Advantage: the advantage of using DOM is that you do not need to track the status, because every node knows who is its parent node and who is its child node.

Disadvantage: DOM needs to map XML data to the tree in the memory. First, it is relatively slow, second, it is relatively memory-consuming and troublesome to use!

3. ElementTree (element tree)

ElementTree is like a lightweight DOM with convenient and friendly APIs. Good code availability, fast speed, and low memory consumption.

In comparison, the third method is convenient and fast. We always use it! The following describes how to parse XML using an element tree:

[ElementTree parsing]

Two implementations

ElementTree is born to process XML, which has two implementations in the Python standard library.

One is pure Python implementation, such as xml. etree. ElementTree.

The other is faster: xml. etree. cElementTree

Try to use the C language, because it is faster and consumes less memory! In the program, you can write as follows:

The Code is as follows:

Try:

Import xml. etree. cElementTree as ET

Failed t ImportError:

Import xml. etree.

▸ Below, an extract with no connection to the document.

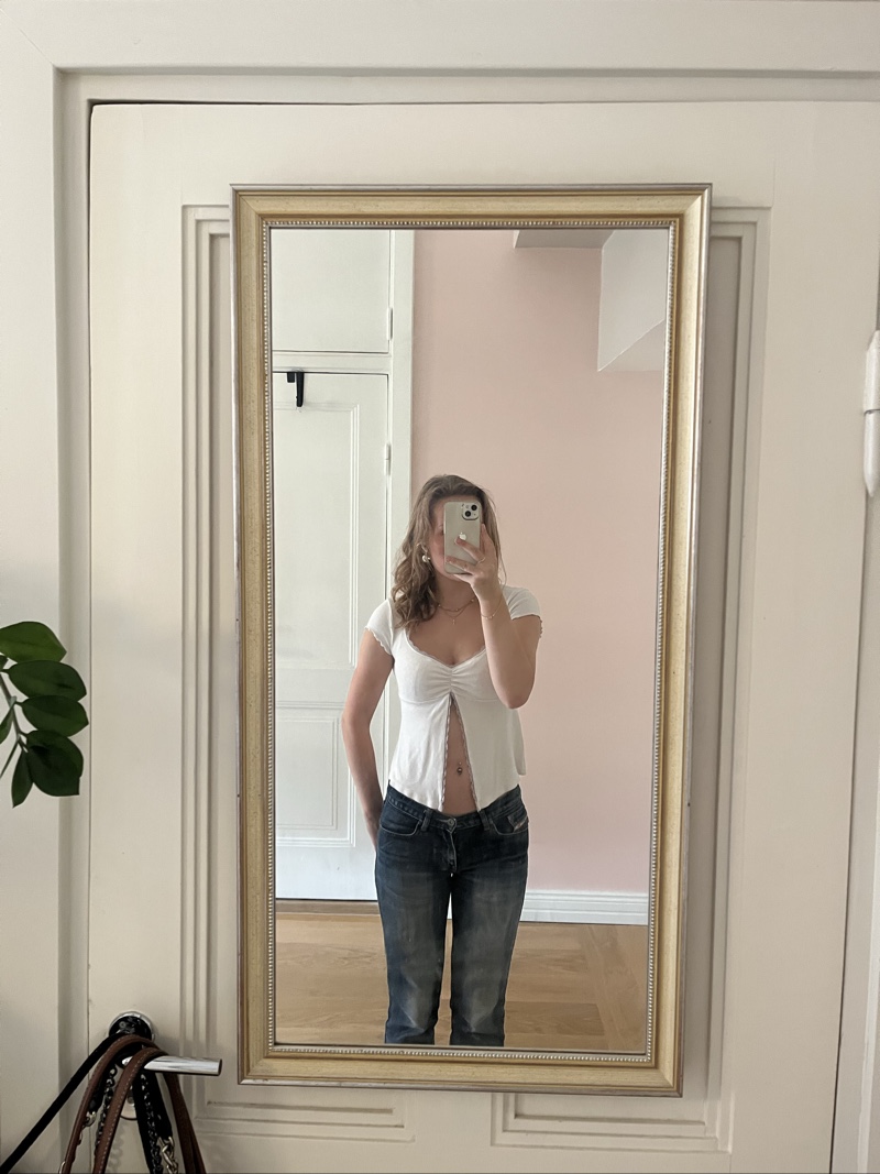 Short-sleeve fitted top with ruffle hem, casual everyday style.

ElementTree as ET

Common Methods

The Code is as follows:

# Use the attrib method to obtain attribute values.

# Use the text method to obtain the node value.

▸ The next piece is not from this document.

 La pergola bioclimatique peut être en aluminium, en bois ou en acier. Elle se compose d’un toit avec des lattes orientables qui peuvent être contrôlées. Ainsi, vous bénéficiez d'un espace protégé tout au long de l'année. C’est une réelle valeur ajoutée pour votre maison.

# Use the tag method to obtain the node name.

Example XML

The Code is as follows:

  

  

   Book message

Bookone

   Python check

   001

200

  

Booktwo

   Python learn

   002

300

  

  

###########

# Load XML

###########

Method 1: load files

The Code is as follows:

Root = ET. parse ('book. xml ')

Method 2: load a string

The Code is as follows:

Root = ET. fromstring (xmltext)

###########

# Obtain a node

###########

Method 1: Obtain the getiterator () method of the specified node.

The Code is as follows:

Book_node = root. getiterator ('LIST ')

Method 2: Obtain the specified node-> findall () method

The Code is as follows:

Book_node = root. findall ('LIST ')

Method 3: Obtain the specified node-> find () method

The Code is as follows:

Book_node = root. find ('LIST ')

Method 4: Get the son node-> getchildren ()

The Code is as follows:

For node in book_node:

Book_node_child = node. getchildren () [0]

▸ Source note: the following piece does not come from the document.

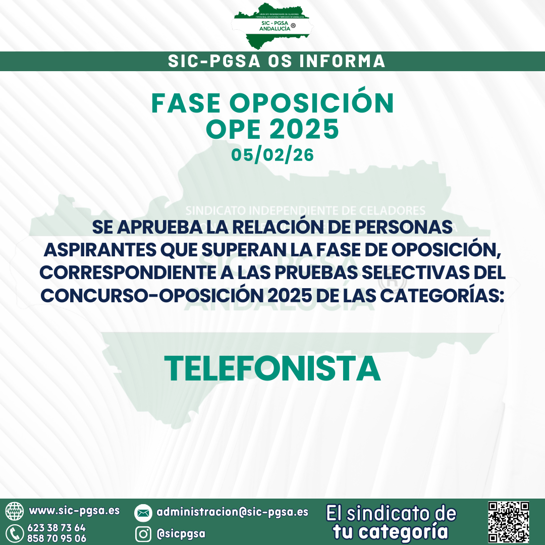 Listado de personas aspirantes que superan la fase de oposición TELEFONISTA. Convocatorias OEP 2025

Print book_node_child.tag, '=>', book_node_child.text

###########

# Example 01

###########

Copy the Code as follows:

# Coding = UTF-8

Try: # import module

Import xml. etree. cElementTree as ET

Failed t ImportError:

Import xml. etree. ElementTree as ET

Root = ET. parse ('book. xml') # analyze the xml file

Books = root. findall ('/list') # Find list subnodes in all root directories

For book_list in books: # traverse the search results

Print "=" * 30 # output format

For book in book_list: # traverse each subnode to find your attributes and values.

If book. attrib. has_key ('id'): # use an id to determine conditions.

Print "id:", book. attrib ['id'] # print the attribute value based on the id

Print book. tag + '=>' + book. text # output tag and text content

Print "=" * 30

Output result:

The Code is as follows:

====================================

Head => bookone

Name => python check

Number => 001

Page => 200

====================================

Head => booktwo

Name => python learn

Number => 002

Page => 300

====================================

Contact Us

The content source of this page is from Internet, which doesn't represent Alibaba Cloud's opinion; products and services mentioned on that page don't have any relationship with Alibaba Cloud. If the content of the page makes you feel confusing, please write us an email, we will handle the problem within 5 days after receiving your email.

If you find any instances of plagiarism from the community, please send an email to: info-contact@alibabacloud.com and provide relevant evidence. A staff member will contact you within 5 working days.

A Free Trial That Lets You Build Big!

Start building with 50+ products and up to 12 months usage for Elastic Compute Service

  • Sales Support

    1 on 1 presale consultation

  • After-Sales Support

    24/7 Technical Support 6 Free Tickets per Quarter Faster Response

  • Alibaba Cloud offers highly flexible support services tailored to meet your exact needs.